PROBLEM DESCRIPTION: Type out the lines below exactly, from the first through the line holding "❷节奏律动课例: 场景设计: 一群孩子在月光下划着小船,手拿吉它,边划边唱。", and include no pictures.

*** Opening ENTRIES PROVIDED ***

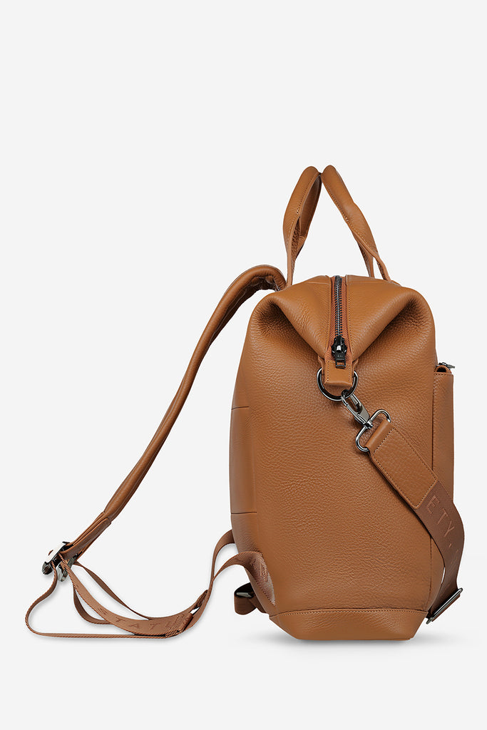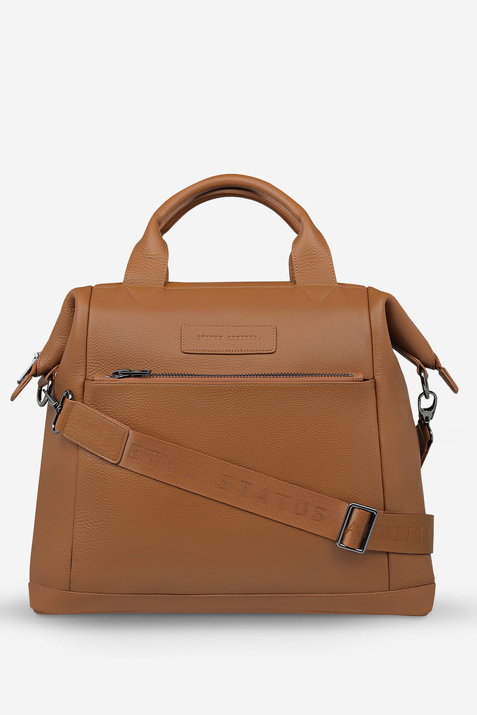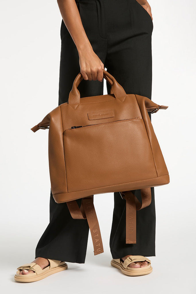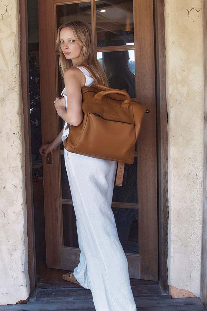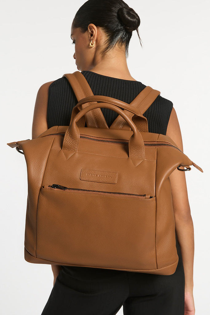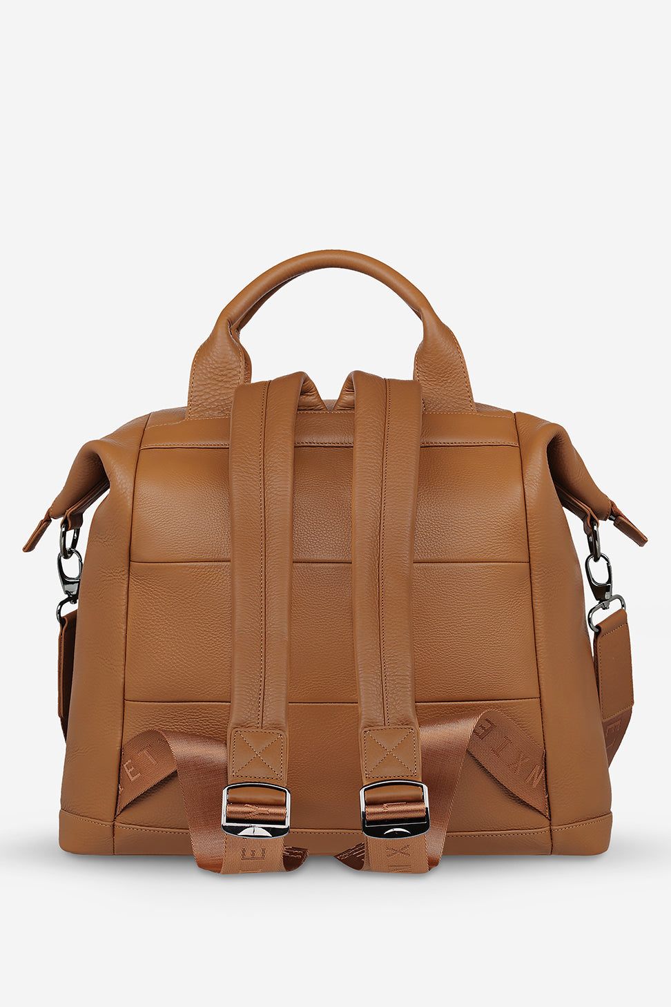 Made to double as an oversized backpack or baby bag. The 'Comes In Waves' bag has enough space and pockets to keep everything in just the right place, and can be clipped onto the handle of a pram with our 'Up All Night' baby bag straps (sold separately). Soft shrunken pebble leather Custom Status Anxiety lining Front zipper pocket Internal zipper pocket, and open pouch pockets Internal bottle pockets Internal key clip Zipper close Padded shoulder straps Fits a 16 inch MacBook Comes in a Status Anxiety branded drawstring bag
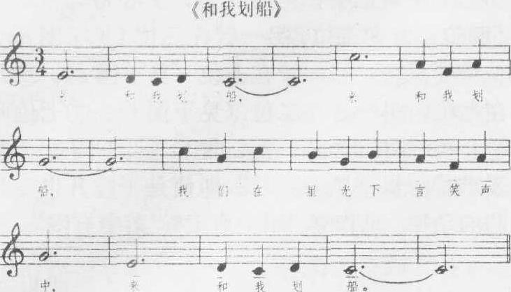 ❷节奏律动课例: 场景设计: 一群孩子在月光下划着小船,手拿吉它,边划边唱。 动作说明: ❶手做抱琴状,身体随乐曲节奏3拍向左,3拍向右。 ❷头向左倾斜,手做抱琴状,左手不动手掌张开手心向上,右手按3拍子的强弱规律 (强弱弱)击打左手。1~7小节做动作❶;8~11小节做动作 ❷,12~14小节做动作❶。
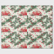 Le papier d'emballage festif présente une voiture rouge vintage entourée de branches de pin et d'ornements rouge vif, créant une atmosphère joyeuse parfaite pour les fêtes de cadeaux de vacances.
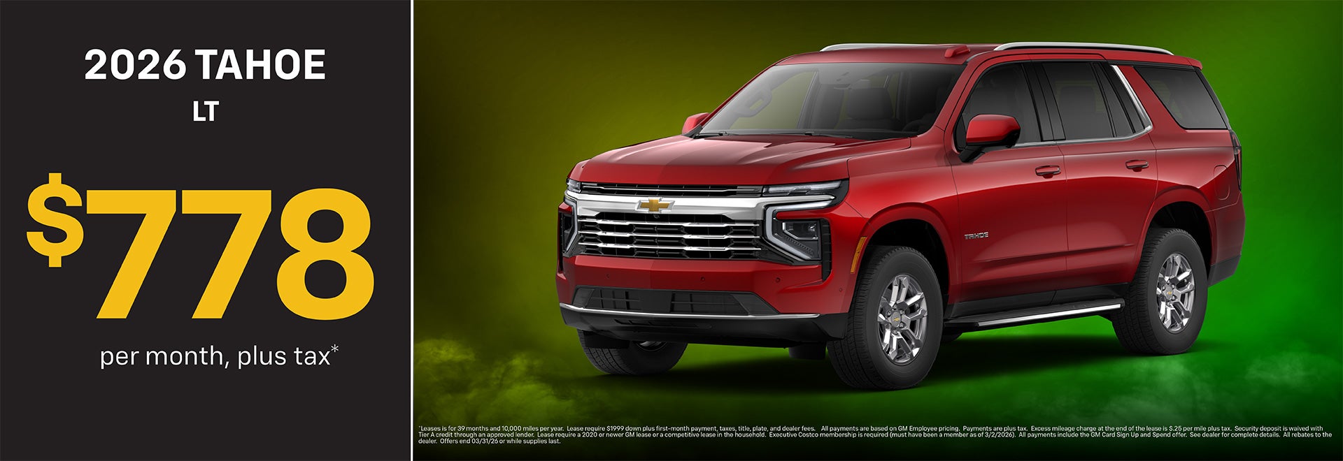 *Leases is for 39 months and 10,000 miles per year. Lease require $1999 down plus first-month payment, taxes, title, plate, and dealer fees. All payments are based on GM Employee pricing. Payments are plus tax. Excess mileage charge at the end of the lease is $.25 per mile plus tax. Security deposit is waived with Tier A credit through an approved lender. Lease require a 2020 or newer GM lease or a competitive lease in the household. Executive Costco membership is required (must have been a member as of 3/2/2026). All payments include the GM Card Sign Up and Spend offer. See dealer for complete details. All rebates to the dealer. Offers end 03/31/26 or while supplies last.
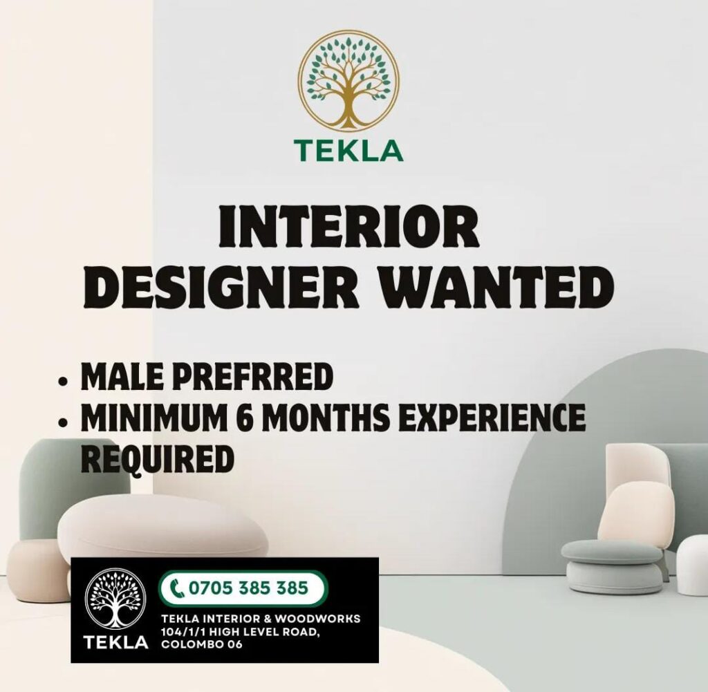 Send your CV and portfolio to info@teklainterior.com/+94 705 385 385 with the subject line “Interior Designer Application β Colombo
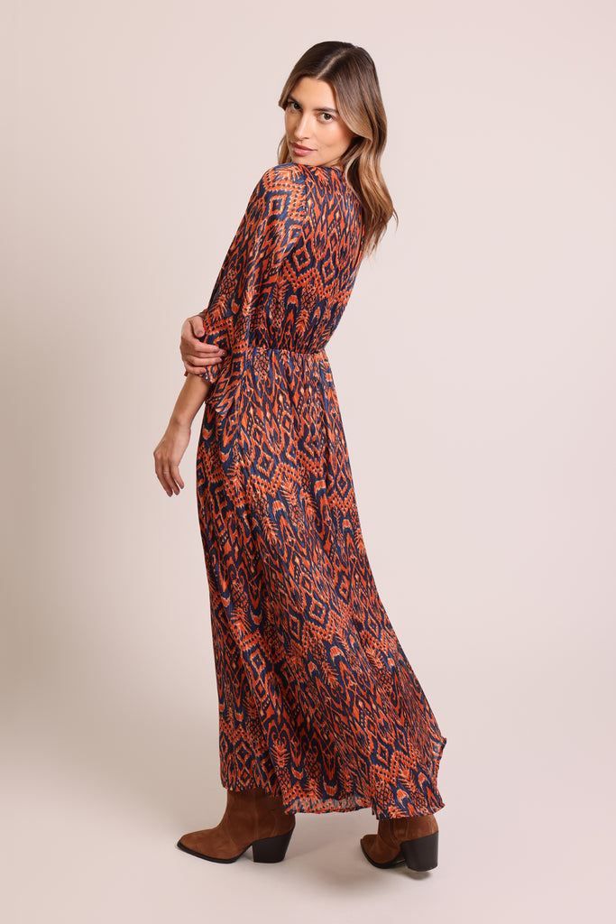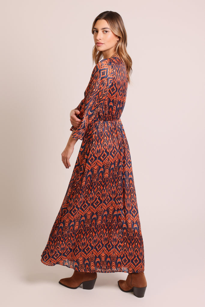 Our Millie dress is a gorgeous boho style maxi dress, with trumpet sleeves and an elasticated back waistband to give the most flattering silhouette. So unique in this bold orange and blue print. Featuring a back button peephole fastening. Lined.

*** Closing ENTRIES PROVIDED ***

SOLUTION:
 Made to double as an oversized backpack or baby bag. The 'Comes In Waves' bag has enough space and pockets to keep everything in just the right place, and can be clipped onto the handle of a pram with our 'Up All Night' baby bag straps (sold separately). Soft shrunken pebble leather Custom Status Anxiety lining Front zipper pocket Internal zipper pocket, and open pouch pockets Internal bottle pockets Internal key clip Zipper close Padded shoulder straps Fits a 16 inch MacBook Comes in a Status Anxiety branded drawstring bag
 ❷节奏律动课例: 场景设计: 一群孩子在月光下划着小船,手拿吉它,边划边唱。 动作说明: ❶手做抱琴状,身体随乐曲节奏3拍向左,3拍向右。 ❷头向左倾斜,手做抱琴状,左手不动手掌张开手心向上,右手按3拍子的强弱规律 (强弱弱)击打左手。1~7小节做动作❶;8~11小节做动作 ❷,12~14小节做动作❶。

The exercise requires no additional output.